Autre « solution » préconisée : pourquoi ne pas privatiser l’ensemble des transports publics ? Les supporteurs de cette alternative argüent du fait que là où les lignes de bus sont sous-traitées à des exploitants privés il y a bien moins de grèves. Mais quelles y sont les conditions de travail ? Par ailleurs, au-delà du rapport 50-50 entre exploitants privés et employeur public, les directives de l’Union européenne imposent une privatisation complète du service de transport de voyageurs. Quant à la SNCB, elle devra d’ici quelque temps se préparer à l‘ouverture à la concurrence. Pour ce qui est du fret, SNCB Logistics est déjà privatisée avec comme première conséquence le démantèlement progressif du réseau de sites marchandises wallons, à commencer par Ronet et un recentrage important du transport de conteneurs à partir d’Anvers. Il reste que, si privatisation il devait y avoir, les conséquences seraient une pression accrue à la productivité et à la flexibilité avec des statuts revus à la baisse pour les travailleurs et une hausse des tarifs pour les voyageurs. Sans compter qu’il y aurait lieu de s’interroger sur le devenir du service public dans cette configuration purement marchande. Une privatisation ne serait à mon sens bénéfique ni pour les usagers ni pour les travailleurs.

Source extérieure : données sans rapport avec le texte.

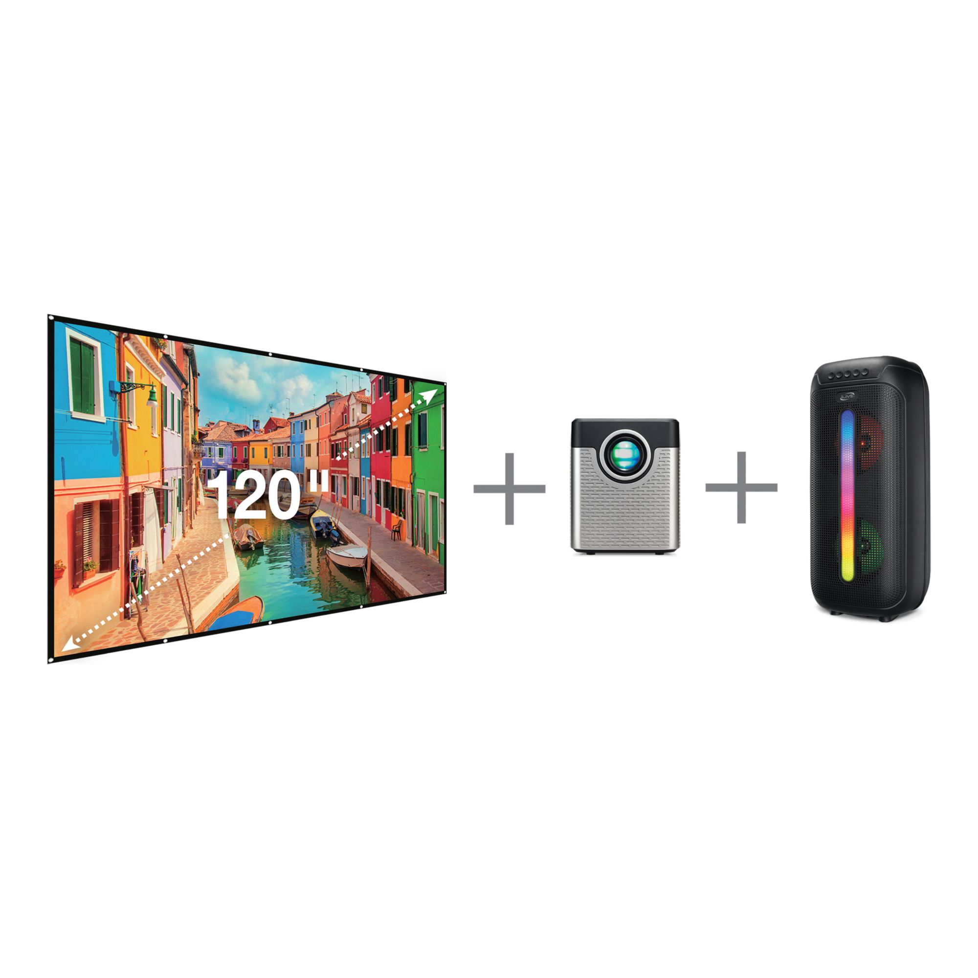 iLive Cinema Pop Up Movie Kit, Projector, Projection Screen, Bluetooth Speaker, Tripod Bundle

Réhabiliter la négociation sociale

Une sortie de la situation actuelle dans les transports en commun, en particulier dans les TEC wallons, ne peut s’envisager que si les parties en présence reviennent à un réel dialogue social où, avant de décider, on prend le temps de s’écouter. La situation dans les TEC serait sans doute simplifiée si, au lieu de cinq directions régionales dont le fonctionnement et les décisions varient selon les régions, le futur contrat de gestion définissait une structure unifiée : une SRWT compétente pour l’ensemble des problèmes et interlocuteur unique dans les négociations sociales. Que l’on mette par ailleurs fin une fois pour toutes aux séquelles de la fusion des deux compagnies de transport publiques antérieures : même statut, même salaire, mêmes conditions de travail pour tous.

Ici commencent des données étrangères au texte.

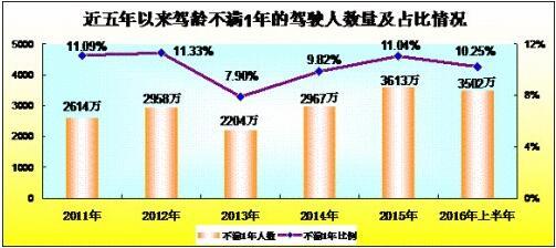 机动车驾驶人超3.4亿人,新领证1611万人。与机动车保有量快速增长相适应,机动车驾驶人数量也呈现持续高速增长趋势。上半年,全国机动车 驾驶人总量已超过3.4亿人,其中汽车驾驶人2.96亿人,占驾驶人总量的86.55%,新领证机动车驾驶人1611万人,其中新领证汽车驾驶人1500 万人。从统计情况看,2015年以来,驾龄不满1年的驾驶人超3500万,新领证驾驶人数量激增。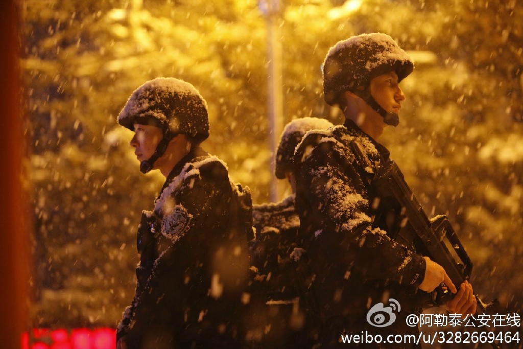 天山千秋雪,东海万里浪。我们是新疆公安,无论巡逻在风雪边疆,还是坚守在反恐战场,祖国安宁、人民和祥就是我们最大的愿望。万家团圆,面向太阳升起的地方,向祖国敬礼,祝人民安康!我们把忠诚铭刻在祖国边疆大地,我们把信念镶嵌在西域高山之上!共和国的旗帜召唤着我们挺起胸膛!祖国万岁!

Côté syndical, il y aurait sans doute lieu d’instaurer plus de rigueur dans la gestion des mouvements de grève, afin de les rendre plus pertinents, plus efficaces et plus compréhensibles (à défaut d’être facilement acceptables) pour les usagers. Au lieu d’être constamment irrités par ces arrêts de travail, ces derniers pourraient être amenés à mieux apprécier le service qui leur est rendu quotidiennement par des agents exerçant un métier qui n’est pas toujours de tout repos. N’oublions tout de même pas que les détracteurs des TEC ou de la SNCB s’attaquent également au service public, c’est-à-dire au service rendu à tous les publics, nantis ou démunis, une notion que la vague néolibérale actuelle au sein de l’Union européenne semble vouloir mettre sous le boisseau. Tout cela n’exclut évidemment pas qu’il faille encore réaliser bien des progrès pour que ce service public soit presté d’une manière plus optimale que ce n’est le cas à l’heure actuelle.

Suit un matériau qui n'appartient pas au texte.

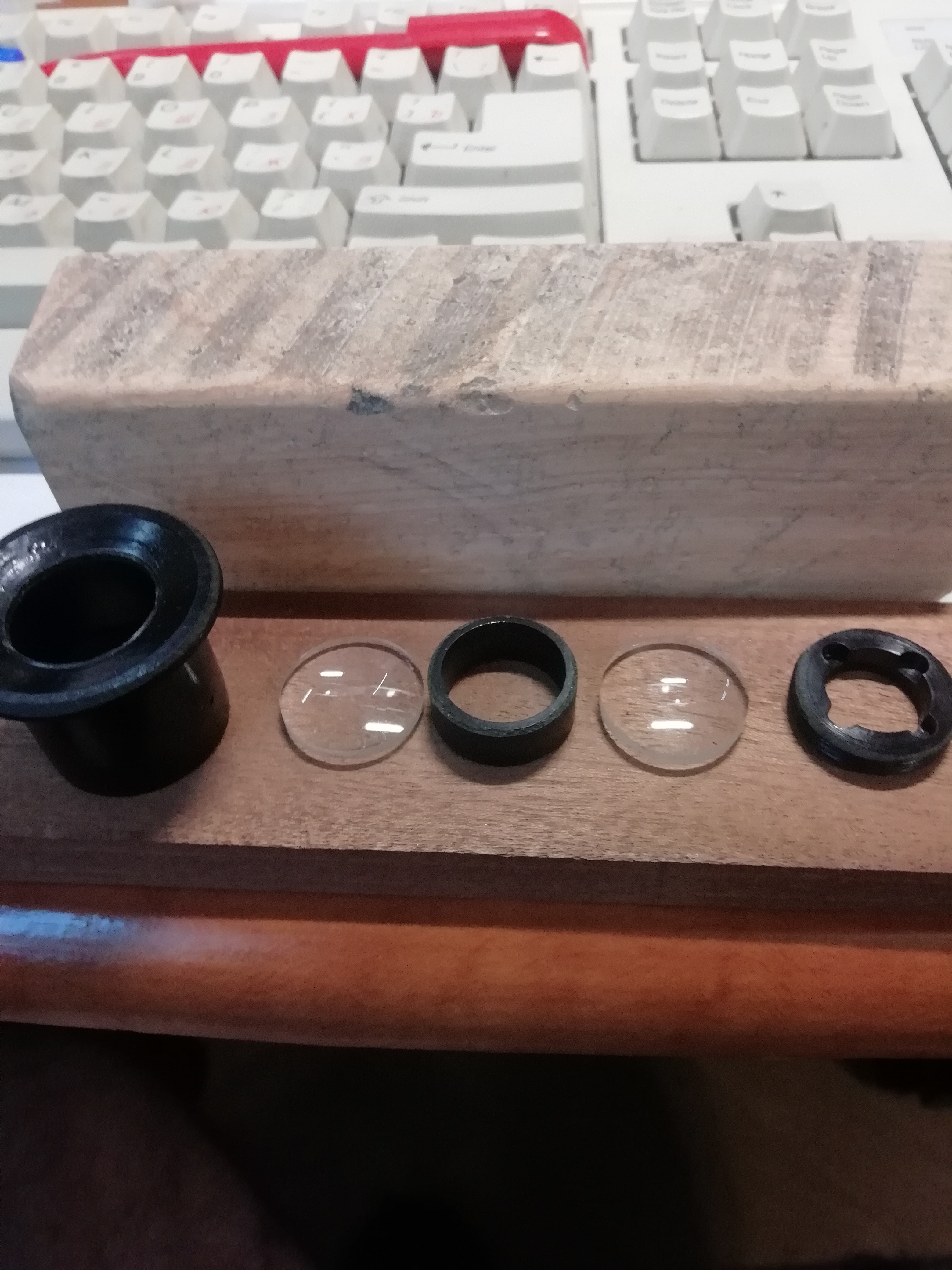 Вернулся и разобрал. Линзы у меня другие, тоже стекло, но менее толстые и стоят через проставку. Потому увеличение иное чем у тебя и гораздо больше 8х по ощущениям. Может реально какая то подменная/сменная лупа, ведь их сменить легко, а увеличение должно быть разным. Пошурши у себя в закромах, может и у тебя сменные лупы есть, с бОльшим увеличением... Вряд ли там что побольше (тубус + объектив +окуляр) было, хотя всё может быть, конструкция позволяет.

[1Est réputé « spontané » un mouvement de grève déclenché sans préavis, mais reconnu par la suite par les organisations syndicales. Par contre, une grève du même genre est qualifiée de « sauvage » quand elle n’est ni reconnue ni indemnisée par les syndicats.

[2Voir M. Capron, « Trois conflits dans des groupes multinationaux : AB Inbev, Carrefour, Brink’s », Courrier hebdomadaire, Crisp, n° 2090-2091, 2011.

[3Les propos à courte vue de M. Goblet, président de la FGTB Liège-Huy-Waremme, affirmant que la grève était inscrite dans le tempérament liégeois ne peuvent, par contre, que nourrir l’impression (fausse) que tout peut être prétexte à des grèves comme celles du TEC-Liège.